Dataset extract —
=== Begin Enclosure ===

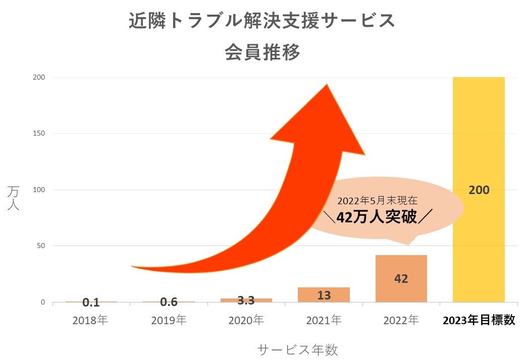 当社主要事業として展開している「近隣トラブル解決支援サービス」は、2015年のサービス開始から7年で、会員数は全国約42万人(2022年5月末時点)に上っています。
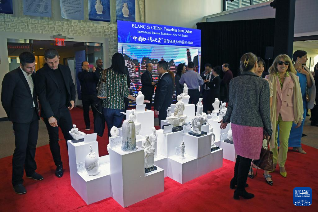 3月14日,在美国纽约,人们参加“中国白·德化瓷”国际巡展纽约推介活动。
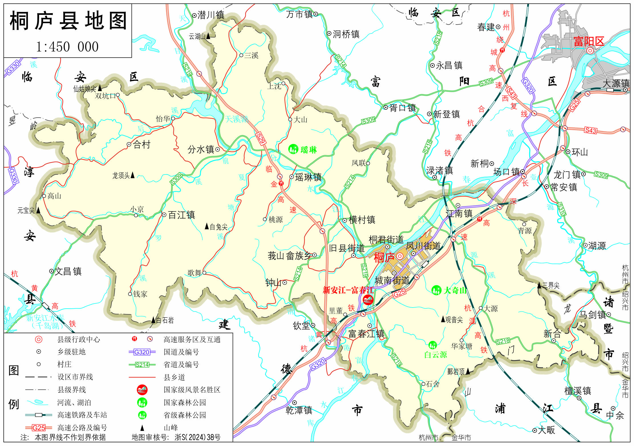 以縣城桐君街道為中心,東20公里(徑距,下同)至牛峰嶺界富陽,南19公里至羊嶠頂界建德,西39公里至太陽山界淳安,北13公里至陳家山界富陽;東南27公里至火燒灣頂界浦江,西南12公里至大巖山界建德,東北16公里至橫山埠界富陽,西北41公里至高塘界臨安。
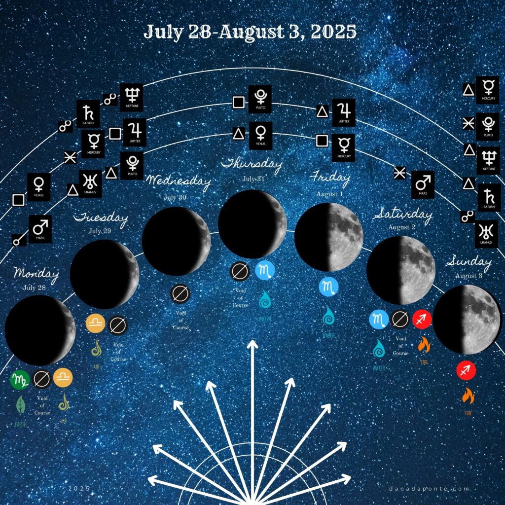 In this post, I share a summary of the moon for the week of July 28-August 3, 2025 as it moves through the zodiac and interacts with the planets and I show you how to work with its energy in your art journal to grow yourself or your business. I also talk about the magic of the moon and Venus this week and how to work with it when self-doubt creeps in and how to keep going when you feel like giving up.

=== End Enclosure ===

Problem — Print the whole listing exactly, please, and keep any images out of it.

Worked solution —
 当社主要事業として展開している「近隣トラブル解決支援サービス」は、2015年のサービス開始から7年で、会員数は全国約42万人(2022年5月末時点)に上っています。
 3月14日,在美国纽约,人们参加“中国白·德化瓷”国际巡展纽约推介活动。
 以縣城桐君街道為中心,東20公里(徑距,下同)至牛峰嶺界富陽,南19公里至羊嶠頂界建德,西39公里至太陽山界淳安,北13公里至陳家山界富陽;東南27公里至火燒灣頂界浦江,西南12公里至大巖山界建德,東北16公里至橫山埠界富陽,西北41公里至高塘界臨安。
 In this post, I share a summary of the moon for the week of July 28-August 3, 2025 as it moves through the zodiac and interacts with the planets and I show you how to work with its energy in your art journal to grow yourself or your business. I also talk about the magic of the moon and Venus this week and how to work with it when self-doubt creeps in and how to keep going when you feel like giving up.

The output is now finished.